Familiarise yourself with the terminologies:
You must have a proper background to review and evaluate a company’s report. If you do not have any prior experience, then equip yourself with apt knowledge. You may ask someone to help or browse internet to familiarise yourself with all the terminologies.
Start with CEO’s message:
Now, when you are fully prepared to review the report, you should start by reading CEO’s message. Though, this note is just a formality as most of the time the communication officers of companies draft these letters. However, you must not ignore this as it is an official statement of the CEO about the financial state of the company. By reading this note, you will be able to check the company’s performance in a specific time period.

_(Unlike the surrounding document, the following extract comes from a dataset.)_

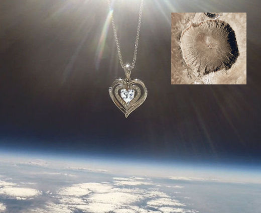 THE METEOR CRATER PENDANT: Have you heard of Moissanite? It's a very rare mineral discovered by 19th-century chemist Henri Moissan in Arizona's Meteor Crater. At first, he thought it was diamond, but later realized it was even more rare. It's a diamond lookalike that, until the 1950s, was found naturally only in meteorites.

Check the objectives and goals:
The most common mistake people make is to miss the portion containing company’s objectives and future plans. There is no doubt that this portion is mostly filled with just claims and declarations but still you will be able to know about the company’s psyche and approach. By reading this portion, you will also be able to know about the recent developments and future trends.
Read the financial review:
Your next step will be to go through the financial review. This is the most important portion of a report as it comprises complete information about the profit and loss. Moreover, the footnotes and income statements will be really helpful in evaluating that company’s financial status.
Compare the report:
You must know that only reading the report is not enough. You must compare it with other company’s reports as this will enable you to check its authenticity. Moreover, you will be able to check the growth rate of that company as compared to its competitors in the market.